Capitalism, more than any previous form of economic organisation, is a dynamic system whose fundamental laws of motion are competition and an inherent drive towards expansion. Since all production is subordinated to the need to accumulate more capital, individual capitalists must always strive to increase the level of surplus value they extract from their workers as well as to sell more and more commodities. An increase in surplus value can take place in one of two main ways: firstly through the increase in the duration of the working day (absolute surplus value), or secondly through an increase in productivity through increased levels of mechanisation, speed-up or a more specialised division of labour (relative surplus value). The first method (increase in the working day) is generally typical of capitalist development in a period of low technological development, such as Britain in the nineteenth century.
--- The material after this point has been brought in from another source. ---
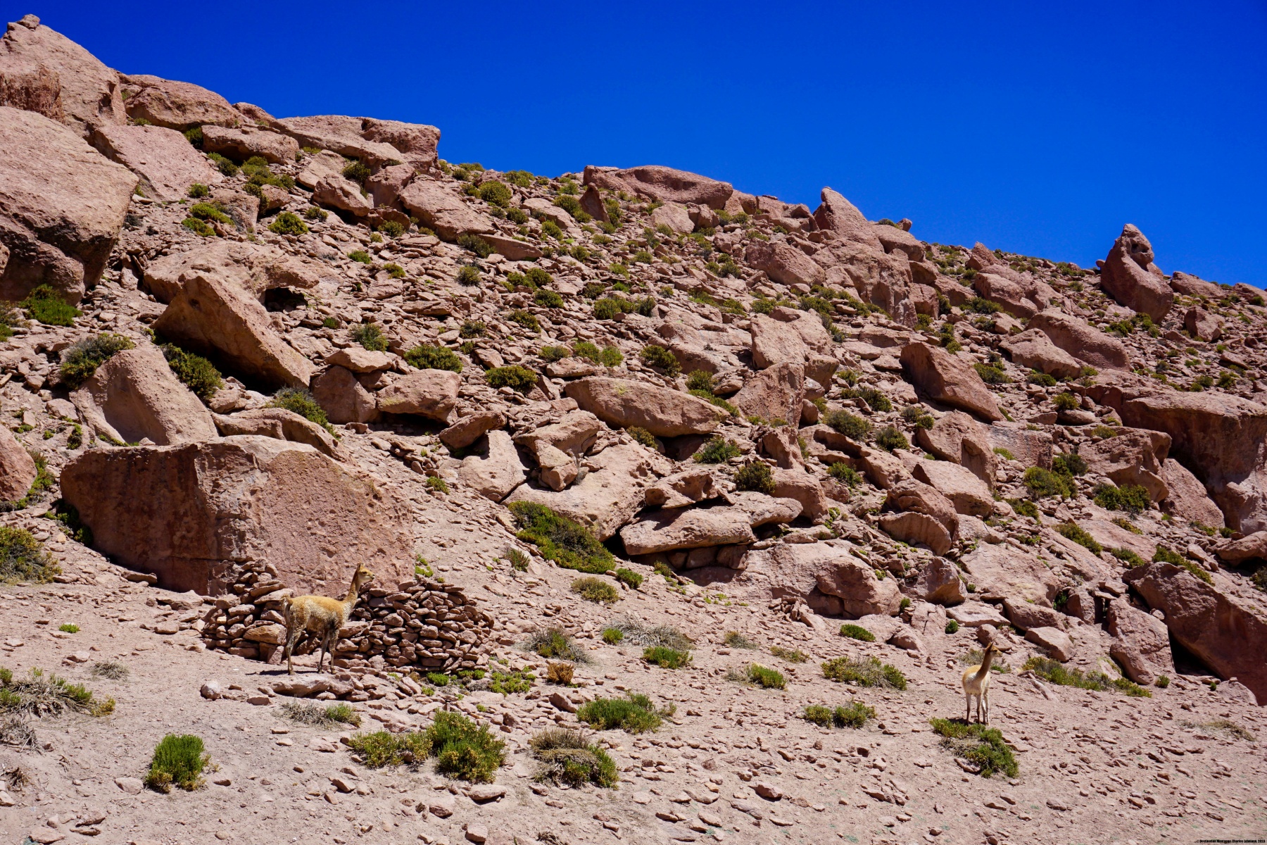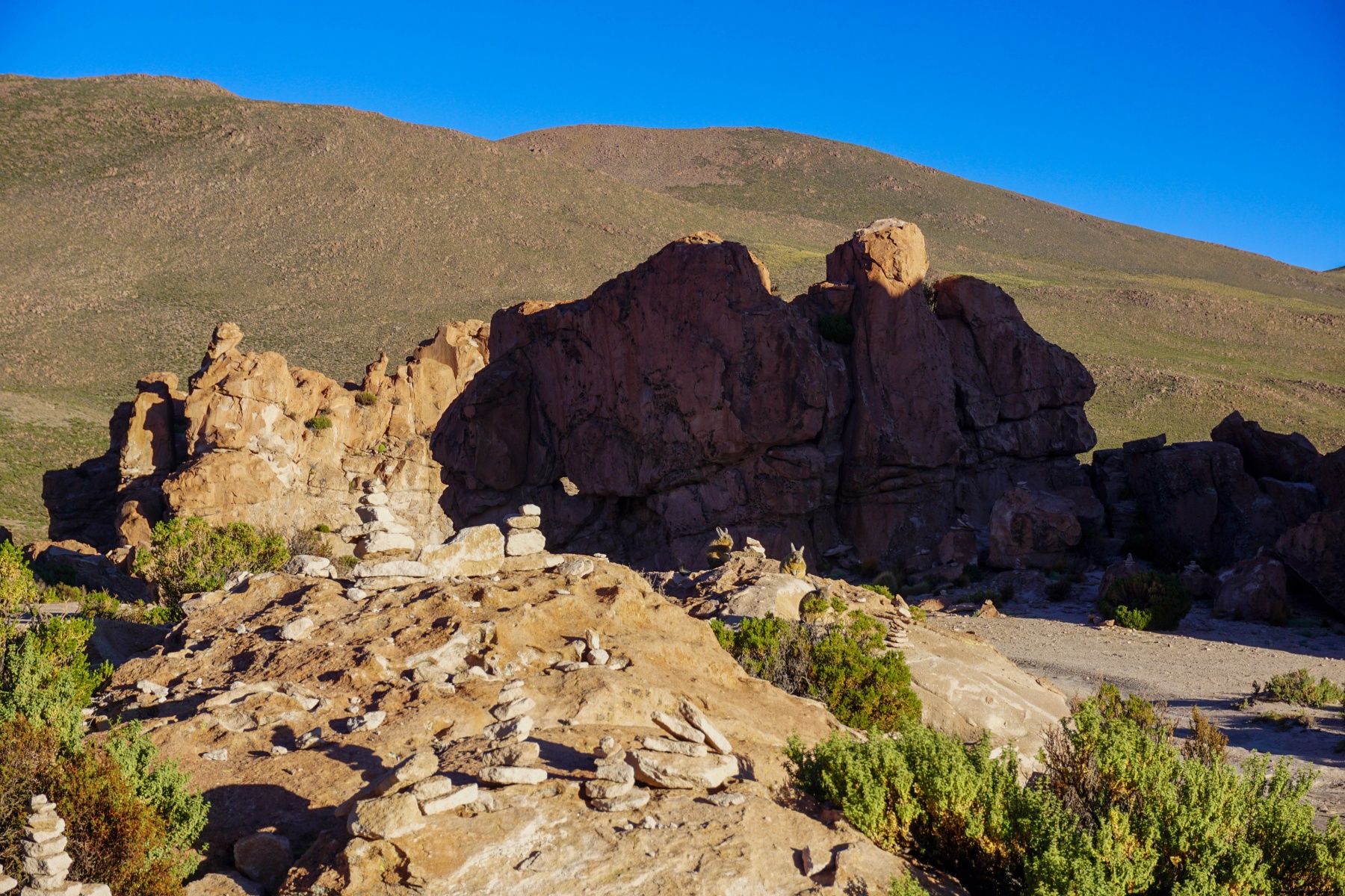 A cet endroit, nous avons également pu observer des Viscaches, qui sont des lièvres sauvages vivants dans ces contrées. Par certains aspects, ils ressemblent étonnamment au lièvre variable de chez nous. La grande différence sont les grandes moustaches des Viscaches qui font penser à un sage qui médite, car au matin, ils prennent le soleil en se mettant sur leurs pattes arrière, les pattes avant étant repliées vers le bas.

It gradually lost its appeal as larger capitalist firms which could afford greater outlay of fixed or constant capital in plant machinery etc realised greater productivity from their workers, making each individual product or commodity cheaper to produce and in turn lowering the amount of socially necessary labour time to produce a specific commodity as determined across the whole economy. The smaller capitalists who relied on more traditional methods of surplus value extraction were as a result driven from the marketplace.


The irrationality of a system which is constantly overcome by crises of overaccumulation while having an innate inability to fully utilise productive capacity has never been clearer than it is today. That is why now more than ever it is imperative to arm ourselves with a coherent and powerful critique of capitalism such as only Marxism can provide.